The plot centres on Danny Kaye and Bing as a duo of WWII entertainers who find success a decade after the war. Wildly popular, they’re on TV, on Broadway, wherever there’s an audience, that’s where they’ll be. One’s a lady’s man, the other isn’t. Both meet the girls of their dreams with sisters Rosemary Clooney and Vera-Ellen, who are also, conveniently, performers. It doesn’t go too smoothly as one set of lovebirds isn’t getting along while the other pair decide they ought to. A trip to Vermont, and a hotel without guests run by the boys’ old commander General Waverly (Dean Jagger), sets up a place to put on the darnedest show you’ve ever seen. As the original New York Times review says of this part of the film, “Someone's nostalgia for the war years and the U.S.O. tours has taken the show awry.”

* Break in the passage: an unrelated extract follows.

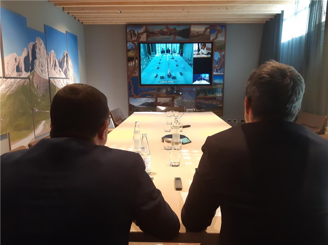 Bei der heutigen Vdeokonferenz standen die Landeshauptleute Kompatscher und Fugatti in Verbindung mit dem Präsidenten der Lombardei, Attilio Fontana, dem Präsidenten des Coni, Giovanni Malagò, dem Bürgermeister von Mailand, Giuseppe Sala, und dem Präsidenten der Region Venetien, Luca Zaia. Telefonisch war der Bürgermeister von Cortina d'Ampezzo, Gianpietro Ghedina, zugeschaltet.
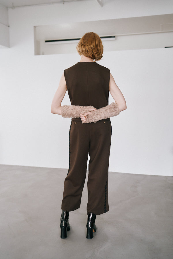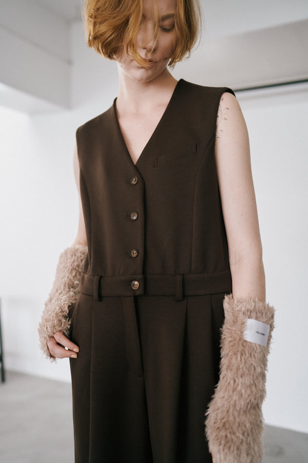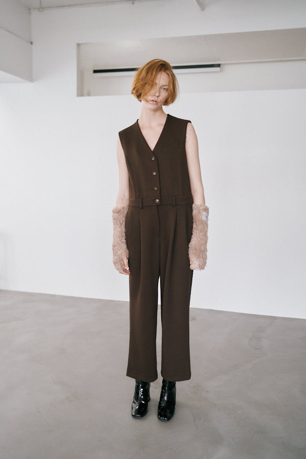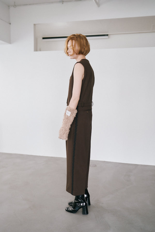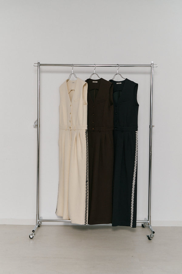 サイドにあしらわれたオリジナルコード刺繍がポイントのノースリーブオールインワン。クラシックな雰囲気のVネックデザインとフロントボタンがきちんと感を演出しつつ、刺繍ディテールが個性を引き立てます。

Directed by Casablanca’s Michael Curtiz, this is a squeaky-clean, bright-eyed bit of holiday-tuned candy that has few sparkling moments but – like many other memorable films before and after it – it’s the theme song that makes the whole trip worthwhile. Filmed in brilliant Technicolor and VistaVision – Paramount’s then novel wide-screen technique – the remake lacks the tang and sass of the original, pretty though it is. Like many remakes and many more to come, its attempt to follow its luckier predecessor fails: it plays it a little too safe and a little too carefully to come up with anything really zingy. The best way to enjoy White Christmas is to listen to the theme tune, wipe away a tear and get back to the turkey til the tune comes around again. It's holiday schmaltz but it's just the right kind of holiday schmaltz - on the right side of corniness, smack dab next to sincere.